File photo showing Indonesian policemen responding to an incident in Riau, Indonesia, on May 16, 2018. PHOTO: AFP

JAKARTA (JAKARTA POST/ASIA NEWS NETWORK) - To ensure security for the 2018 Asian Games, which will see thousands of international athletes and officials descend upon the Indonesian capital, Jakarta Police chief Inspector-General Idham Azis has instructed officers to shoot criminals on sight to fend of street crime, particularly motorcycle thieves and muggers.

"If the muggers fight back (when police officers try to arrest them), chief Idham has instructed us to take firm action by shooting them. (We will have) zero tolerance," Jakarta Police spokesman Senior Commander Argo Yuwono said on Tuesday (July 3).

Argo recalled a recent mugging attempt that took place in the Kota Tua area in West Jakarta, when one of the perpetrators, identified as R, was shot dead by officers.

According to the police, the victim, Public Housing and Works Ministry official Syarif Burhanudin, was riding his bicycle when R reportedly grabbed his fanny pack. Syarif tried to hold on to his bag and fell to the ground.

The police later tracked down R and his partner, but both allegedly fought back during their arrest. R was fatally shot and his accomplice was arrested.

Following that incident, investigators discovered that the two had been part of a network of muggers called Tenda Oranye (Orange Tent) based in Teluk Gong, North Jakarta.

"We've identified the leader of the mugging group," Argo said.

Another robbery that took place on Sunday evening in Cempaka Putih, Central Jakarta, ended in the death of the victim.

The woman, identified as W, was on the back of a motorcycle taxi and reportedly held on to her bag as it was being pulled by a man on a motorbike. She then fell, fatally hitting her head on the road.

Through a statement released on Tuesday, Cempaka Putih Police said they had confiscated several objects as evidence in the case, namely a black bag, a mobile phone, two small wallets containing Rp 1.1 million (S$104) in cash, an umbrella and a comb.

Jakarta Deputy Governor Sandiaga Uno said the recent spate of mugging attempts across the city should be taken seriously.

"These crimes might be triggered by poverty. This is a social phenomenon that can be solved by giving poor families access to ways that can improve their economic situations," he said.

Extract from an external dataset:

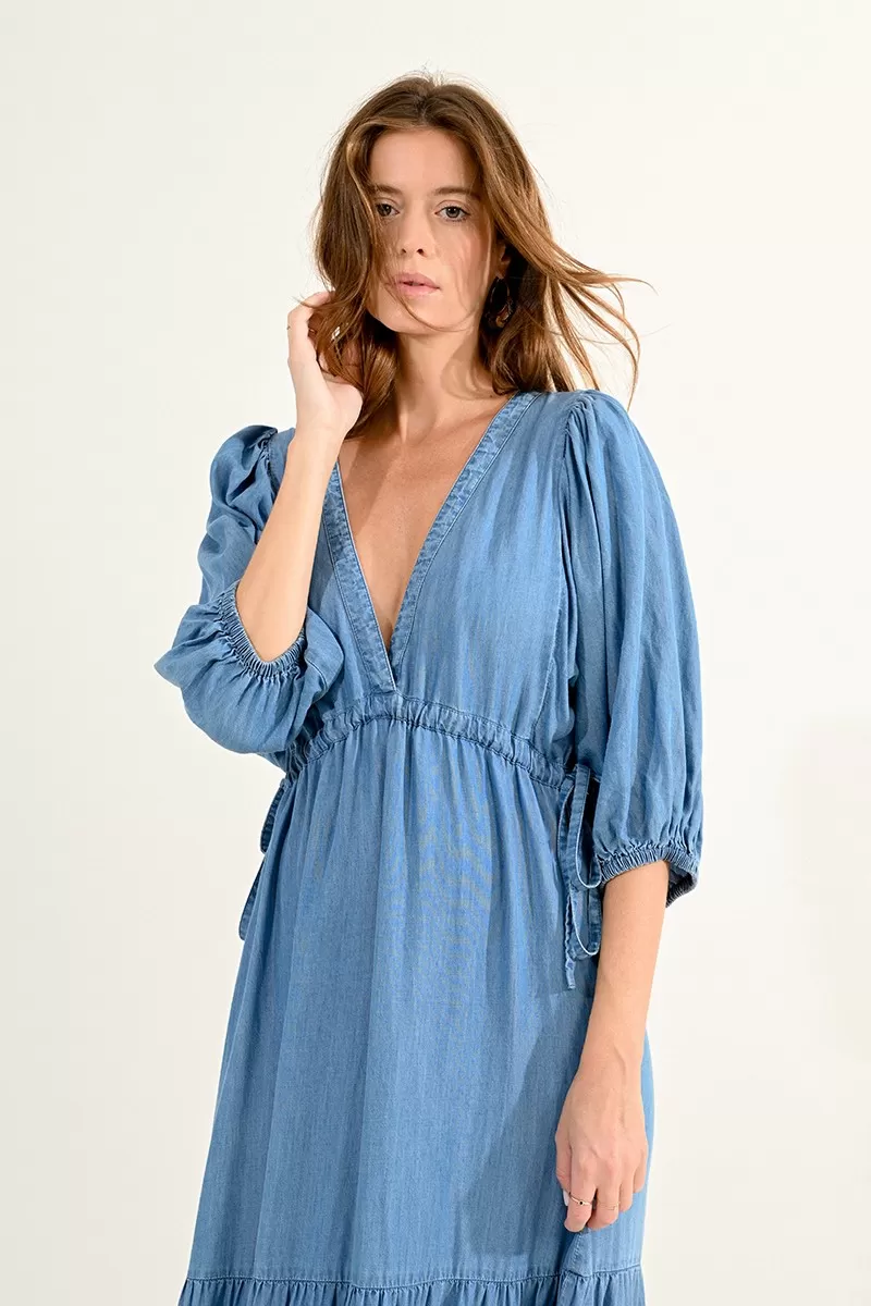 Les manches ballons complètent parfaitement cette robe, offrant un look à la fois tendance et sophistiqué. Elles apportent une touche de volume aux épaules, équilibrant ainsi la silhouette. Idéale pour toutes les occasions, qu’il s’agisse d’un mariage, d’une soirée ou d’une journée estivale, la Robe à volants de Molly Bracken s’adapte à toutes vos envies.

On June 17, several other mugging attempts occurred along Jl. Jendral Sudirman in Central Jakarta. Some of the victims mentioned similar characteristics when describing the perpetrator: a man in all black, wearing a full-face helmet and riding a Honda CBR motorcycle.

A passenger of an app-based motorcycle taxi named Dio said his driver was robbed on June 18.

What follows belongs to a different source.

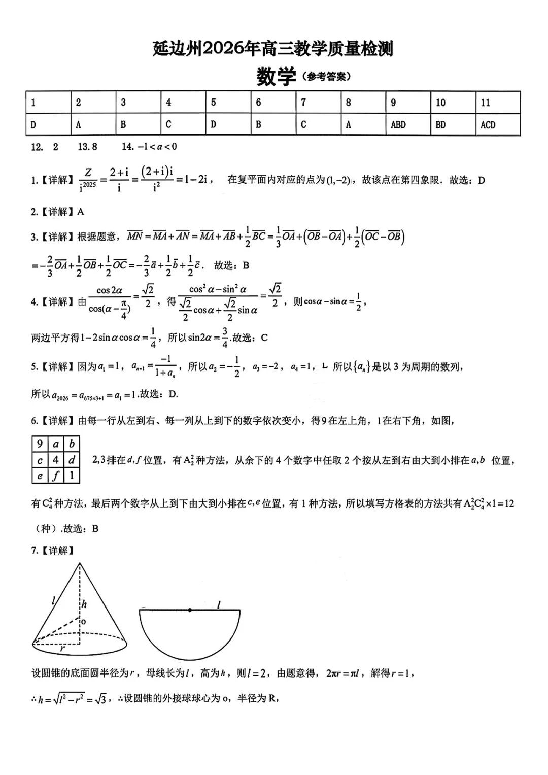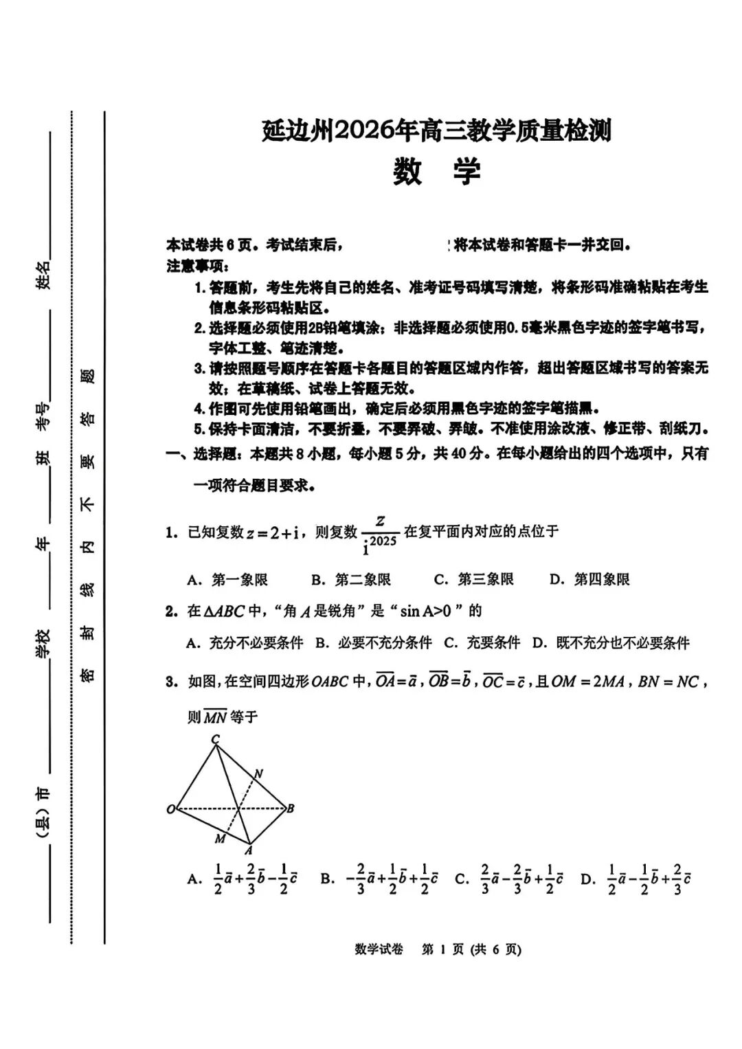 【全科】2026届吉林省延边州高三3月教学质量检测

"There's a motorcycle gang near Sampoerna Strategic Square [on Jl. Jendral Sudirman]. I was shocked and everything happened so fast that I didn't get the chance to pay attention to the mugger's licence plate number," Dio said.

A passerby named Paulina Heras said her phone had been stolen the night before Dio's incident. The robbery occurred as she was walking alone in the nearby Tosari area.

"I filed a report to the Jakarta Police to find out that four other robberies took place that night. Two more incidents happened the following morning," Paulina said.